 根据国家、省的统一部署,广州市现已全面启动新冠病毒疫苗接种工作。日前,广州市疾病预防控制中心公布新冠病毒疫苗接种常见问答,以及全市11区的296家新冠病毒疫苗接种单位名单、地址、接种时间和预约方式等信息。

.....

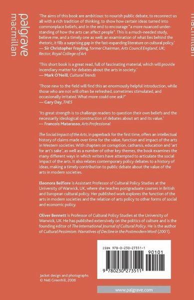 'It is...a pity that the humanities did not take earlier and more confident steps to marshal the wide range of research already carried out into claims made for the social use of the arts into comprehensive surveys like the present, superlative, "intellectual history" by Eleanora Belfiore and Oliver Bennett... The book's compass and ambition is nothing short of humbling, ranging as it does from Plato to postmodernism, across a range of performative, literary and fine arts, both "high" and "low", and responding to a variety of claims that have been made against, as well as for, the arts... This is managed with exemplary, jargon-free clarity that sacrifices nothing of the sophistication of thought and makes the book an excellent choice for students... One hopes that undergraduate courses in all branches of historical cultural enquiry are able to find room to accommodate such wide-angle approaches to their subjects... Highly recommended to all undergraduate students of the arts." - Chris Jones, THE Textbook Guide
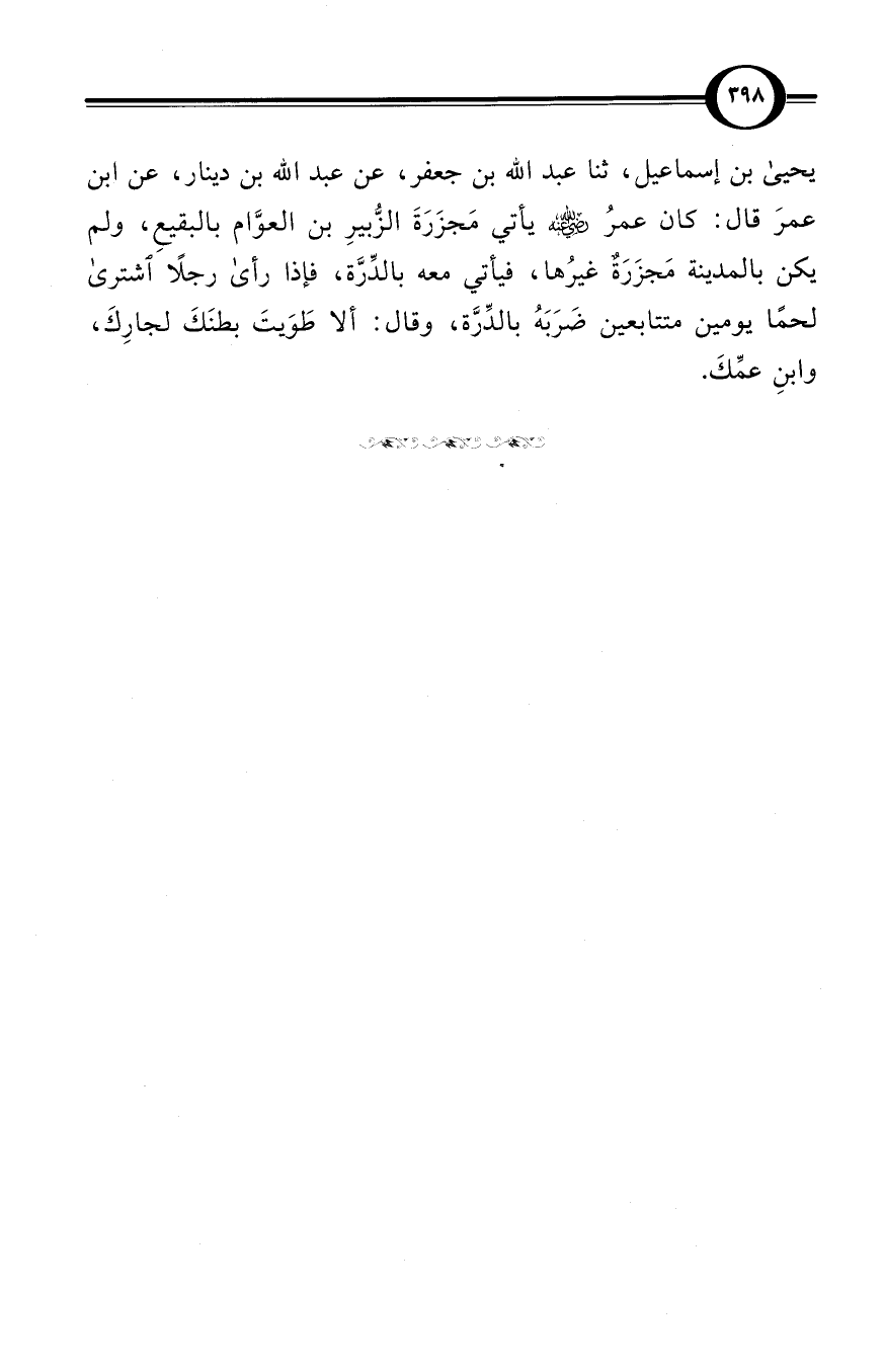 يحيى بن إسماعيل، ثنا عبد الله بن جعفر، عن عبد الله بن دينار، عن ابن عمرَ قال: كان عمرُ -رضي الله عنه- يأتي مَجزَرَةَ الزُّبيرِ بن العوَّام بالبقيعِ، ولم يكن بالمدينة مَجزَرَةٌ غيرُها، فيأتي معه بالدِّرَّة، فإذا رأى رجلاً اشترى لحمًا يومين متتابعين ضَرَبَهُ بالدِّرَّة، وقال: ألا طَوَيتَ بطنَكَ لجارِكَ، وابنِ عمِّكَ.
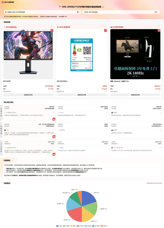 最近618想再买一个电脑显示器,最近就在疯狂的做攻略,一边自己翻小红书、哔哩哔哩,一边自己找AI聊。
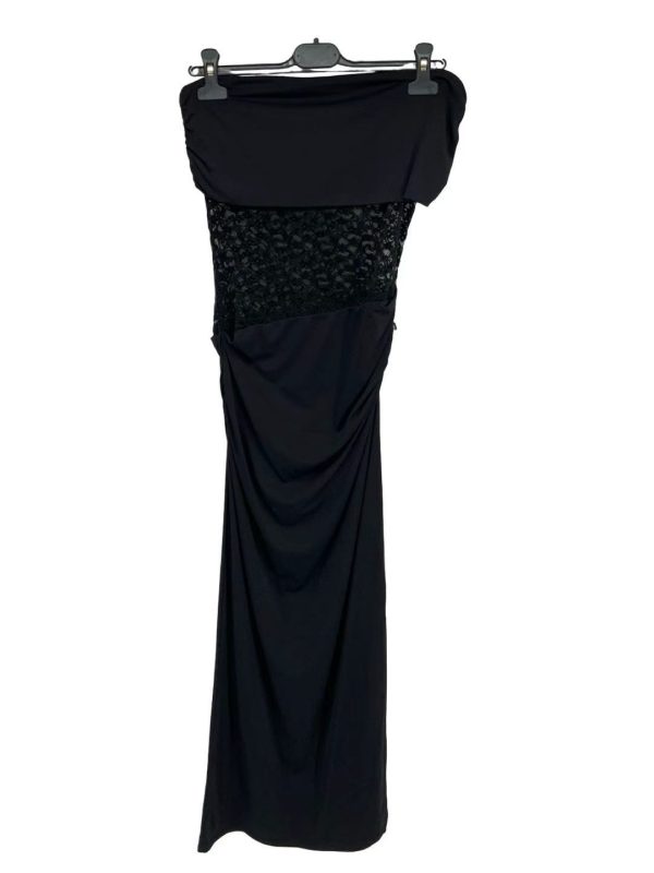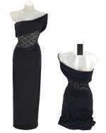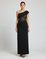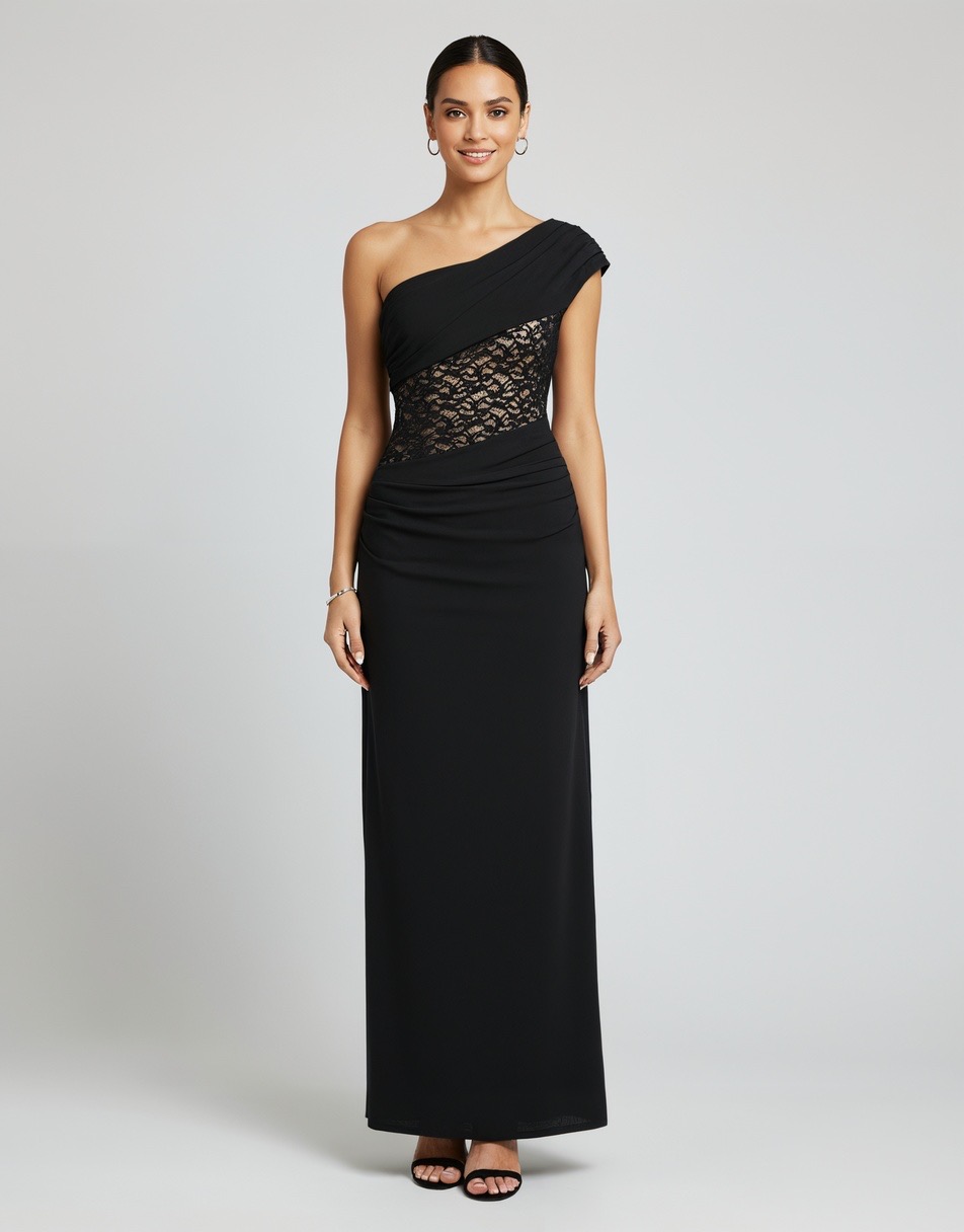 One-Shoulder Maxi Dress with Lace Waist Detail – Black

.....

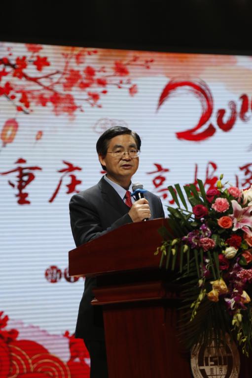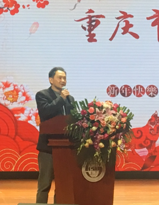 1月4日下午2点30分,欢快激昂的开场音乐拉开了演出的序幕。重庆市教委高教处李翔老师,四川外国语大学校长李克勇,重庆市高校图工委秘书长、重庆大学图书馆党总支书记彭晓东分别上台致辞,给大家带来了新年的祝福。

.....

Given the entries above, transcribe exactly the lines from the one holding "最近618想再买一个电脑显示" through the one holding "One-Shoulder Maxi Dress"; pictures do not belong in the transcription.

 最近618想再买一个电脑显示器,最近就在疯狂的做攻略,一边自己翻小红书、哔哩哔哩,一边自己找AI聊。
 One-Shoulder Maxi Dress with Lace Waist Detail – Black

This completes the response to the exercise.